--- START ---

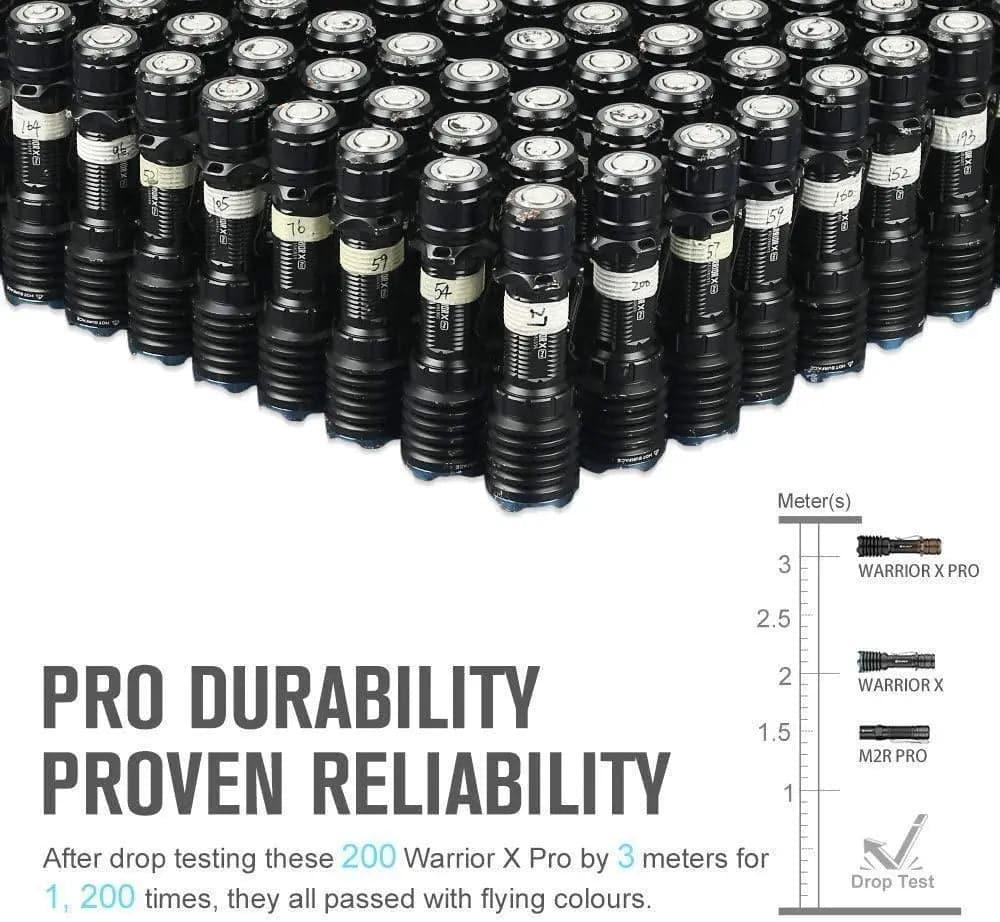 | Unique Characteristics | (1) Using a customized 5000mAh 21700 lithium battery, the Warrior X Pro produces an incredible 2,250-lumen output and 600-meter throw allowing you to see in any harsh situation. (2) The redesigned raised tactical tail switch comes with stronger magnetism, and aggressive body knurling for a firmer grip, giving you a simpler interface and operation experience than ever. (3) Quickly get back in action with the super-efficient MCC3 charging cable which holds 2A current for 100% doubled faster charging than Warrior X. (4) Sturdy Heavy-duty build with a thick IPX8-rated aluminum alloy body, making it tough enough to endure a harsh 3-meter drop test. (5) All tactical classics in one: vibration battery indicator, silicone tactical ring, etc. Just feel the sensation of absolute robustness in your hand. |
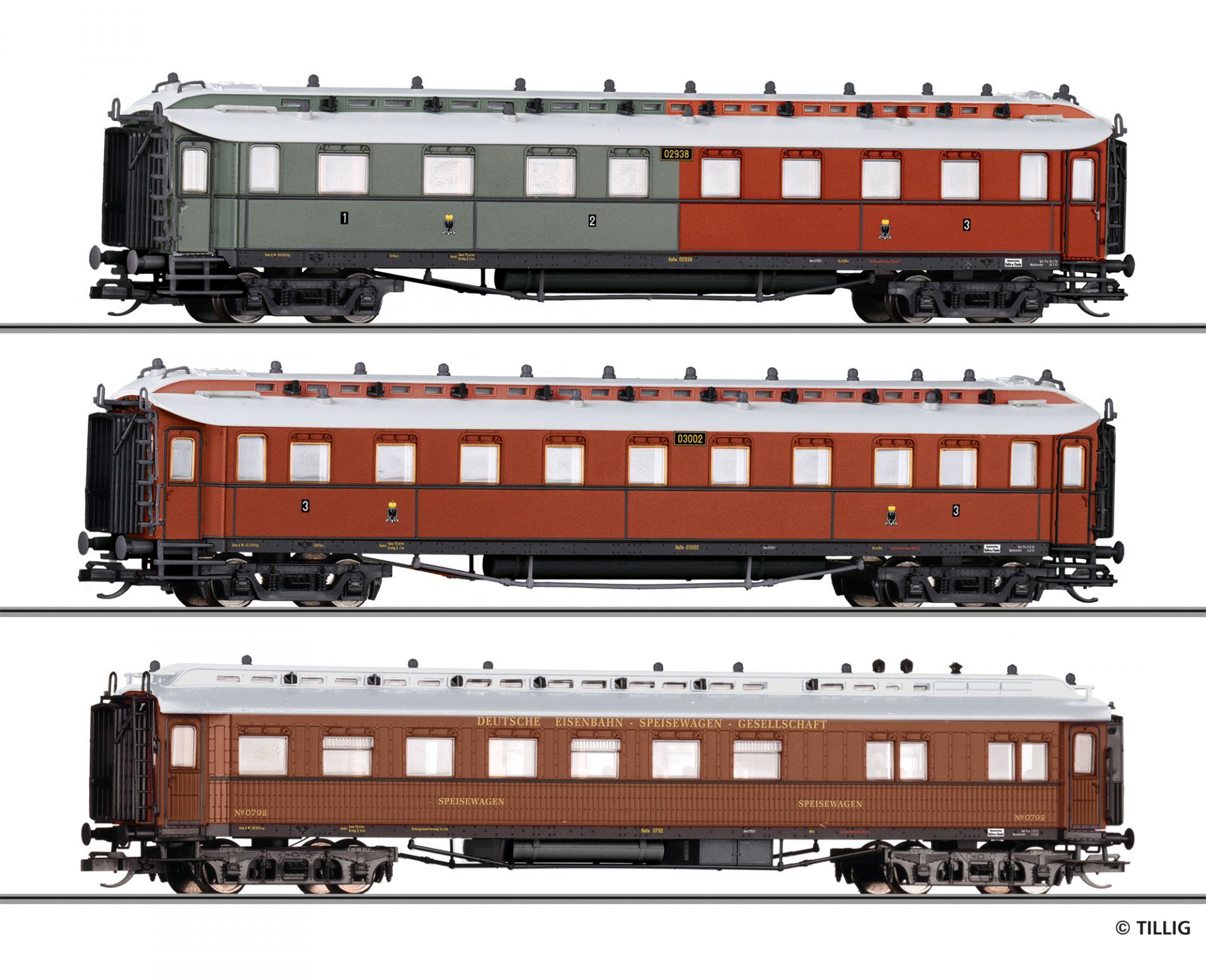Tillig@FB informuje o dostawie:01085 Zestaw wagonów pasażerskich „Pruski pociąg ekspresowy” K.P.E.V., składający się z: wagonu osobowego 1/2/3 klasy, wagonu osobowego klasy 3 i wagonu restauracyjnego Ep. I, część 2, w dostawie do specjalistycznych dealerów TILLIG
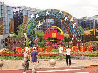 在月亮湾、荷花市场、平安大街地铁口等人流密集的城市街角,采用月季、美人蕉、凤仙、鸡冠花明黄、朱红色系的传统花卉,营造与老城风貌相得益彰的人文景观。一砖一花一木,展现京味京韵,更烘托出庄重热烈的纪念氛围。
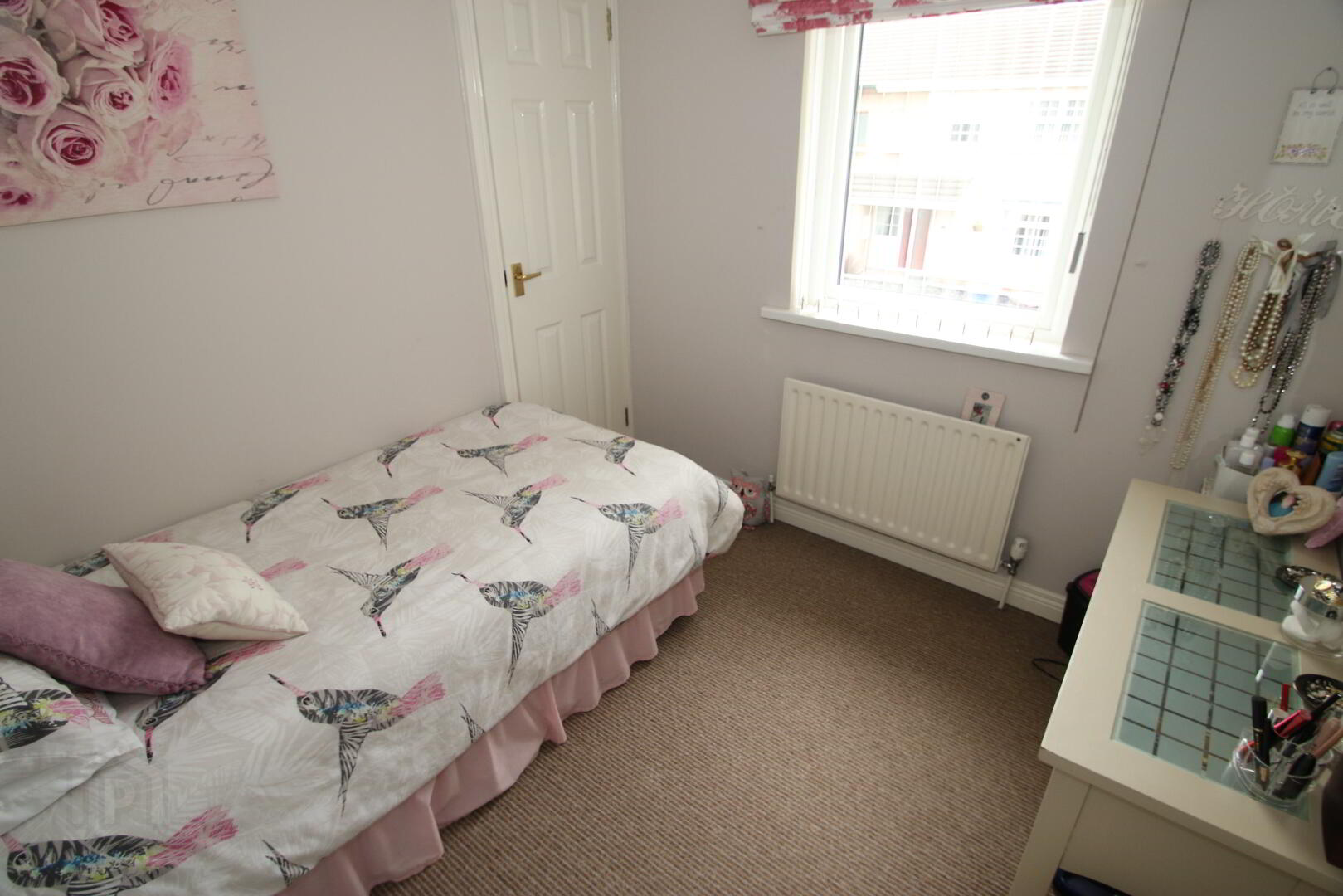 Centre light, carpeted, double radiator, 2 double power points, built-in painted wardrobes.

--- END ---

From the first line of the listing above, repeat every line through the one holding "Tillig@FB informuje o". Both ends count, and pictures stay out.

 | Unique Characteristics | (1) Using a customized 5000mAh 21700 lithium battery, the Warrior X Pro produces an incredible 2,250-lumen output and 600-meter throw allowing you to see in any harsh situation. (2) The redesigned raised tactical tail switch comes with stronger magnetism, and aggressive body knurling for a firmer grip, giving you a simpler interface and operation experience than ever. (3) Quickly get back in action with the super-efficient MCC3 charging cable which holds 2A current for 100% doubled faster charging than Warrior X. (4) Sturdy Heavy-duty build with a thick IPX8-rated aluminum alloy body, making it tough enough to endure a harsh 3-meter drop test. (5) All tactical classics in one: vibration battery indicator, silicone tactical ring, etc. Just feel the sensation of absolute robustness in your hand. |
Tillig@FB informuje o dostawie:01085 Zestaw wagonów pasażerskich „Pruski pociąg ekspresowy” K.P.E.V., składający się z: wagonu osobowego 1/2/3 klasy, wagonu osobowego klasy 3 i wagonu restauracyjnego Ep. I, część 2, w dostawie do specjalistycznych dealerów TILLIG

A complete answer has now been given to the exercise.